Bastou para Itachi, e ainda mantinha um curto sorriso e um olhar fuzilante mostrava o quanto ele não tinha medo.

– Riroki Morimoto – ele prendeu as mãos do mesmo para trás e passou as algemas – você esta preso, por formação de quadrilha, chantagem, sequestro, lesão corporal, homicídio qualificado do nascituro, perseguição e violação a dignidade da pessoa humana, a tentativa de homicídio por Hyuuga Hinata e Namikaze Naruto, também é acusado de cumplice da Organização Secreta Akastsuki, e por isso também será julgado por planos contra o governo e pela morte de Akazuna no Sasori, tudo que você disser será importante e contado na hora do seu julgamento, você pode ligar para o seu advogado, e você tem o direito de permanecer em silencio.

[...]

A Torre de Tóquio era onde Konan sabia que deveria encontrar o namorado. Namorado, noivo, relacionamento ela nem sabia mais o que eles eram, mas sabia que nunca se separariam e isso era o suficiente. Seus cabelos roxos púrpuros brilhantes balançavam como uma bailarina diante do vendo no salão do alto da torre, e só havia uma coloração que considerava mais bonita que a dela, os cabelos vermelhos de Nagato era simplesmente a cor mais bonita que já passaram pelos seus olhos, era impossível não reconhecer o amado, o seu jeito não mudava, estava admirando a paisagem a selva de pedra tecnológica decorada com arvores de cerejeiras, como uma estatua sem expressão que divulgava sem piedade a característica sombria, era um homem de muitos pecados, tinha medo dele, quem não tinha? E por essa razão tinha sorte por ama-lo.

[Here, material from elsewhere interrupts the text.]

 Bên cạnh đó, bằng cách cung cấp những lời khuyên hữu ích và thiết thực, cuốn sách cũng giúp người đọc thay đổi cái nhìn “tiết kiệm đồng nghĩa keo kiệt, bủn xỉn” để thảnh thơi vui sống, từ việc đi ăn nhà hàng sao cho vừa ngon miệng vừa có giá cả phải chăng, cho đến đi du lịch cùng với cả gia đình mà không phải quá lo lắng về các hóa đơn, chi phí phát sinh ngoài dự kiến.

Ela se aproximou, se anunciando no deslizar das mãos delicadas pelos ombros másculos, Nagato suspirou pesadamente e virou para encara-la, suas pupilas de espécies raras, roxas invadiram seus olhos, e apesar de mal ela tinha que lembrar que em algum lugar ainda existia coração, com toda delicada o ruivo estendeu um flor em formato de origami e colocou entre os fios roxos.

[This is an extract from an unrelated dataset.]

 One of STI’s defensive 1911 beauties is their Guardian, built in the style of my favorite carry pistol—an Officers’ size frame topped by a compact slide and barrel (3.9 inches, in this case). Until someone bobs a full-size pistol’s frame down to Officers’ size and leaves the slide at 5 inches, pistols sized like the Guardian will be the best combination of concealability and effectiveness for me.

– Sempre gostei que usasse essa flor – murmurou e em seguida voltou a admirar novamente a cidade.

– Essa Konan morreu Nagato – ela respondeu então.

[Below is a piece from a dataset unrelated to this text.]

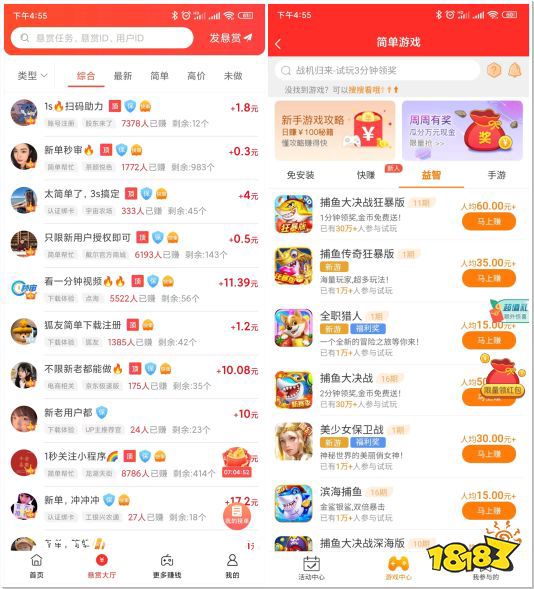 赏帮游戏平台上的游戏任务奖励,一般是和等级、关卡等数值相关,在游戏里达到某个数值要求就可以领奖励(*钱)。在这个平台的【更多】版块就是各种游戏任务分区,玩家选择一款奖励不错的游戏,就可以直接领到任务收入。此外,这个平台还有很多别的任务,比如在任务大厅中的悬赏类任务,这些任务大多数都比游戏任务简单,并且有一部分任务的收益也比游戏任务多,只有数量达到了,是可以稳定达到一天100~200元的,

– Eu sei – continuou – perdi um irmão e um amigo hoje, não quero perder você.

– Matou seu irmão – ousou com sabia palavras a namorada – entregou seu amigo.

– Meu irmão é um traidor – sorriu com uma pitada de ironia que apenas ele sabia dar e Konan apenas continuou a escutar – Riroki pode ter sido sigiloso, mas nossa Organização esta conhecida por todas as autoridades.

– Itachi, lhe pagou bem?

– Ele pagou mais que o suficiente – sorriu novamente ainda se surpreendendo com o fato do Uchiha conseguir contata-lo, realmente subestimou Uchiha Itachi, e realmente errou, e com o dinheiro que ele deu troca das informações de Riroki ele tinha que dar um jeito de transformar sua Ordem, invisível.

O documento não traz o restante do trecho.